Transient Errors (429 / 500 / 502 / 503)

All Faraday API calls treat these as retryable — the task reschedules and no run state changes. The batch task reschedules itself; the poll and download tasks reschedule the poll task.

Permanent Errors (other 4xx, network failures)

  • Recipients in AddressEnriching are reverted to AddressEnrichable with enrichment_pipeline_failed: true added to their JSON (set by revert_all_enriching_to_enrichable)
  • Run is marked Failed with the error message
  • Pipeline components are deleted best-effort
  • Recipients are picked up again by the next scheduled batch

Note: recipients skipped individually during download because Faraday returned no address for them are set directly to Skipped with skip_reason = EnrichmentFailed — they do not get enrichment_pipeline_failed and are not re-queued.
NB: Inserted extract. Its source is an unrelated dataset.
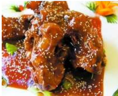
อู๋มมืออู๋ตุ๋น

Polling Timeout (5.5 hours)

  • Same outcome as a permanent error: revert, mark Failed, delete pipeline
  • 30-minute gap between timeout (5.5h) and next scheduled batch (6h) allows recipients to be picked up immediately

Monitoring

Database Queries

-- Recent run history
SELECT id, status, total_recipients, cached_recipients, uploaded_recipients,
       enriched_recipients, failed_recipients, initiated_at, completed_at
FROM address_enrichment_runs
ORDER BY initiated_at DESC
LIMIT 10;

-- Current run in progress
SELECT * FROM address_enrichment_runs
WHERE status = 'processing'
ORDER BY initiated_at DESC
LIMIT 1;

-- Recipients currently being enriched
SELECT COUNT(*), campaign_id
FROM campaign_recipients
WHERE status = 'AddressEnriching'
GROUP BY campaign_id;

-- Cache size
SELECT COUNT(*) FROM address_enrichment_cache;

Key Log Lines

# Batch start
grep "Starting address enrichment batch" celery.log

# Upload + pipeline creation
grep "Uploaded.*CSV to Faraday" celery.log
grep "Created Faraday.*for enrichment_" celery.log

# Poll progress
grep "pipeline not ready yet" celery.log
grep "pipeline ready" celery.log

# Download + completion
grep "Downloaded enrichment CSV" celery.log
grep "Enrichment run.*completed" celery.log

# Failures
grep "Enrichment run.*failed\|timed out\|permanent error" celery.log
grep "Reverted.*recipients to AddressEnrichable" celery.log

# Pipeline cleanup
grep "Deleted Faraday" celery.log
grep "Failed to delete Faraday" celery.log   # best-effort — warnings only

Troubleshooting

Run Stuck in "Processing"

  1. Check how long it's been running:
    SELECT id, started_at,
           EXTRACT(EPOCH FROM (NOW() - started_at))/3600 AS hours_running
    FROM address_enrichment_runs
    WHERE status = 'processing';
    
  2. Under 2h: Normal — waiting for initial poll delay
  3. 2–5.5h: Normal — polling
  4. Over 5.5h: Should have timed out; check Celery worker is alive

  5. Check Celery logs for the poll task:

    grep "poll_enrichment_run_status" celery.log | tail -20
    

  6. The poll task is a global singleton (keys=[]). If it's not visible in Celery:

    celery -A main.celery_app inspect scheduled
    

  7. If the worker restarted and the poll chain was lost, manually trigger a check:

    curl -X POST /api/v1/address-enrichment/check   # re-runs batch from scratch
    
    Or re-enqueue the poll directly from a script.

No Recipients Being Enriched

  1. Verify address_enrichment: true in campaign settings
  2. Check recipients have AddressEnrichable status (not Skipped)
  3. Verify campaign is US-size (4x6, 6x9, 6x18_bifold, 12x9_bifold)
  4. Check if a run is currently in progress — recipients become AddressEnriching during upload and will be processed by the current run
  5. Check the 30-day lookback window — recipients older than 30 days are excluded

Low Cache Hit Rate

  1. Cache expires after 90 days — check cleanup_expired_cache isn't over-aggressive
  2. Monitor cache size: SELECT COUNT(*) FROM address_enrichment_cache
  3. Cache hit rate per run is visible in cached_recipients / total_recipients

Faraday API Errors

  1. Check FARADAY_API_KEY is set and valid
  2. Check Faraday API status
  3. Review error_message in address_enrichment_runs:
    SELECT id, error_message, initiated_at
    FROM address_enrichment_runs
    WHERE status = 'failed'
    ORDER BY initiated_at DESC
    LIMIT 5;
    
  4. Orphaned Faraday components (from mid-creation failures) can be cleaned up manually via the Faraday dashboard — they follow the naming convention enrichment_YYYYMMDD_HHMMSS_*

Testing

# All enrichment tests
just test app/tests/celery/test_address_enrichment.py

# Route tests
just test app/tests/routes/test_address_enrichment_routes.py